Questa idea che ciò che mancherebbe in questo preciso momento in Medio Oriente sarebbe un “sano dibattito” fra ebrei americani è una fantasia narcisistica. Molti ebrei americani “pro-pace e pro-Israele”, incluso me stesso, hanno fatto il pieno di dibattiti quando hanno sostenuto le tante concessioni per la pace fatte da Israele nel corso degli anni. Ora che la società israeliana ha deciso di procedere più cautamente, il fatto che non critichiamo il governo israeliano non significa che ci accodiamo ciecamente: significa semplicemente che siamo d’accordo. E il motivo per cui non gridiamo ad alta voce per la pace non è perché non disponiamo di un gruppo come J Street che ci aiuti ad esprimerci, ma perché vorremmo tanto vedere – giusto per cambiare – qualcuno dall’altra parte che grida per l’avvento della pace.
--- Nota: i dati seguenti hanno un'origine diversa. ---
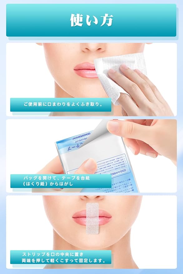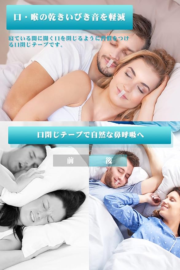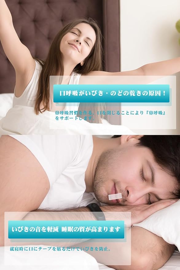 睡眠の質が高まりま:いびきをかく大きな原因の一つは口をあけて寝ることで口呼吸になることです。寝る前に口に貼るだけ口呼吸から鼻呼吸へ。起床時の口・のどの乾き、いびきの音を軽減し、睡眠の質が高まり。
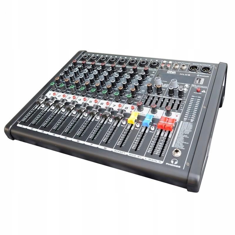 DNA HLC 8 — профессиональный аналоговый аудиомикшер, оснащенный восемью входными каналами, высококлассными предусилителями, портом USB с функцией MP3 и стандартом беспроводной связи Bluetooth. Оборудование прекрасно подойдет в качестве сценического микшера во время небольших концертов и сценических выступлений, в репетиционных залах, а также в домашней студии звукозаписи.
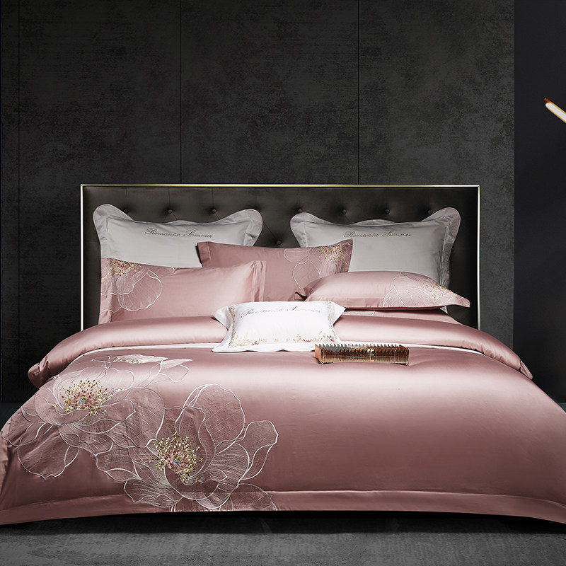 欧式纯棉四件套全棉婚庆结婚奢华60真丝刺绣被套床单1.8m床笠床品
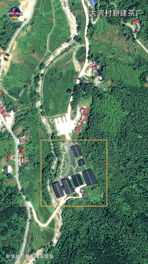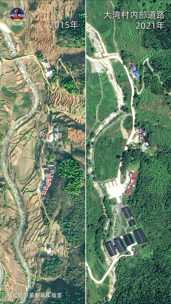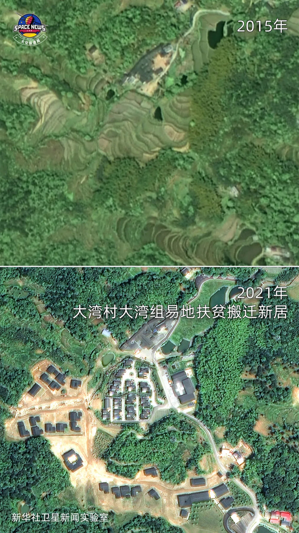 ▲衛(wèi)星見證了易地扶貧搬遷新居“從無到有”。大灣村共建設(shè)4個易地扶貧搬遷新居點,搬遷群眾129戶439人。
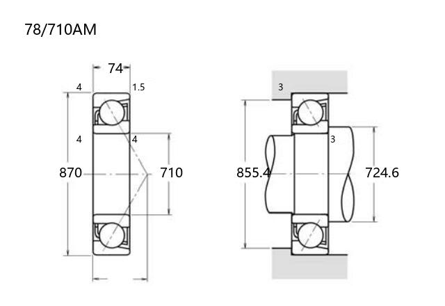 78/710AM角接触球轴承内径为710毫米,外径870毫米,厚度74毫米,属于中大型尺寸规格。该型号轴承采用角接触设计,可同时承受径向和轴向载荷,适用于较高转速工况。其接触角经过优化,能够提供稳定的刚性支撑和运转精度。该产品符合普通级公差标准,在常规工业应用中具有较好的通用性。
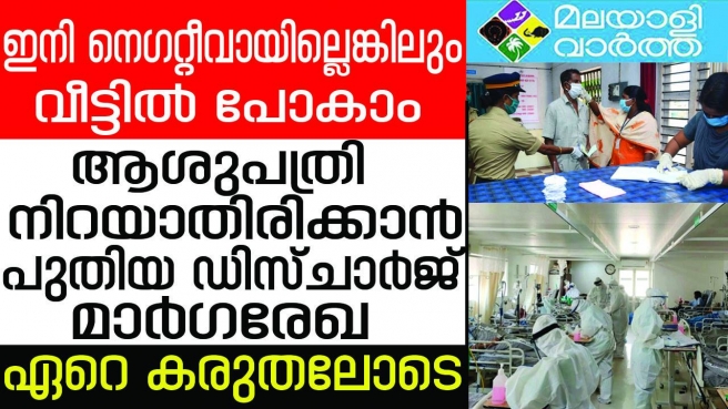 വീട്ടിലാണെങ്കിലും ആശുപത്രിപോലെ... സാരമായ പ്രശ്നങ്ങളില്ലെങ്കിലും ആശുപത്രിയില് കഴിയുന്ന കോവിഡ് രോഗികള്ക്ക് അനുഗ്രഹമായി സര്ക്കാരിന്റെ പുതിയ ഡിസ്ചാര്ജ് മാര്ഗരേഖ; രോഗലക്ഷണങ്ങളില്ലെങ്കില് മൂന്ന് ദിവസത്തിനകം ഡിസ്ചാര്ജ് ചെയ്ത് ഹോം ഐസൊലേഷനില് കഴിയാവുന്നതാണ്
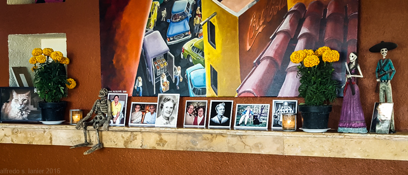 So this year Stew and I have put together our own Day of the Dead altar over the mantle of the fireplace, with the requisite orange marigolds, votive candles and photos of our dead relatives whom we will remember: Both of our parents (Mario and Georgina, and Thorleif and Frances); our grandmothers, mine maternal (Herminia), Stew’s paternal (Verda); my paternal uncle Alejo and my cousin Gustavo, a lovely, dog-loving human being who succumbed to mental illness and committed suicide while still in his forties. Naturally we’ve also included some of our pets that have gone on to claim their eternal reward of kibbles.
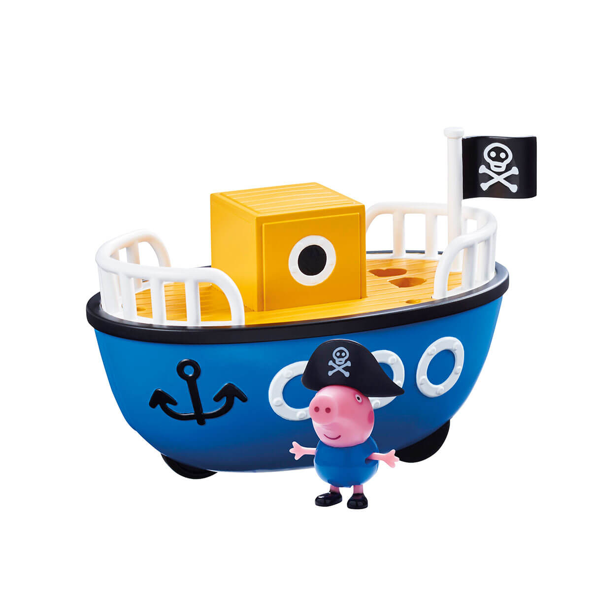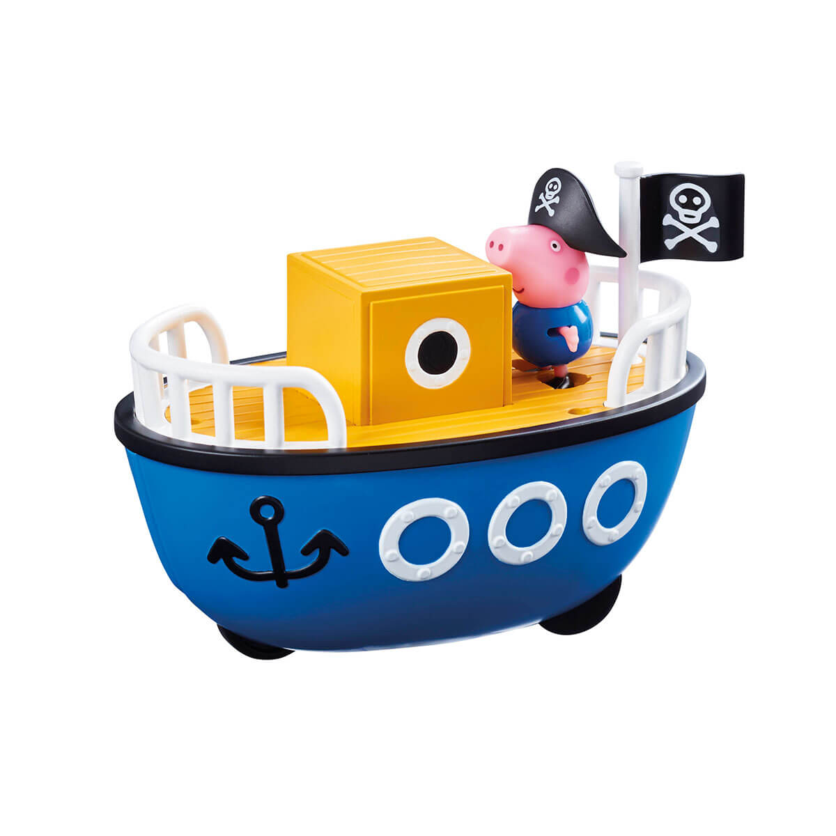 Зустрічайте героїв популярного мультфільму "Свинка Пеппа"! Хочеш покататися на піратському кораблику разом з Джорджем? Тоді стрибай на борт - і повний вперед! Сам кораблик оснащений коліщатками, так що малюк може катати його по поверхні. Фігурка може сидіти, стояти, рухати ручками і ніжками. Це чудовий подарунок будь-якому малюкові. Добрий світ Свинки Пеппі! У наборі: кораблик, фігурка Джорджа. За допомогою ігрового набору дитина зможе обіграти життя героїв мультика, приміряти на себе нові ролі, навчитися новим навичкам. Граючи з набором Peppa, Ваш малюк зможе чіткіше усвідомити, що він хоче побачити, що хоче робити і ким він хоче бути, коли виросте!
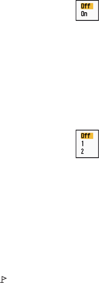 4. Use the Cursorpad (S or T) to select [Off], [1] or [2] then press the ENTER key.
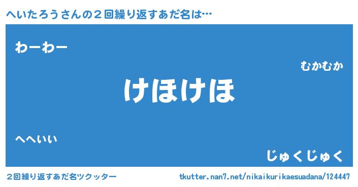 | ヘコむあだ名 | 『へいたろう(爆)』『豆乳』 |

Se si vuole il mio parere su quale sia la cosa di cui ha più bisogno, oggi, il Medio Oriente, ebbene non è una J Street, bensì una “A Street”. Vale a dire una organizzazione Araba che faccia ciò che nessuna organizzazione ebraica – di sinistra, di destra o di centro – potrebbe mai fare: mobilitare gli arabi moderati che vogliono la pace in nome della causa della coesistenza pacifica con lo stato del popolo ebraico. Se gli ebrei possono mobilitare i loro per la pace, perché mai non potrebbero farlo anche gli arabi? Perché mai gli ebrei dovrebbero avere l’esclusiva dell’autocritica e della pressione interna?
Si immagini quale trasformazione verrebbe impressa da un’organizzazione di alto profilo “pro-arabi e pro-pace” che facesse apertamente pressione sui leader palestinesi affinché demoliscano il sistema di indottrinamento all’odio anti-ebraico che opera nella società palestinese, un odio che si è fatto beffe di tutte le mosse verso la pace. Si immagini quale impatto sul processo di pace avrebbero 1.500 attivisti pacifisti palestinesi che si riunissero a Washington per una grande conferenza contro le campagne di odio?
Certo, suona come una pia illusione. Ma non più di quanto lo siano le obsolete illusioni partorite dal congresso di J Street.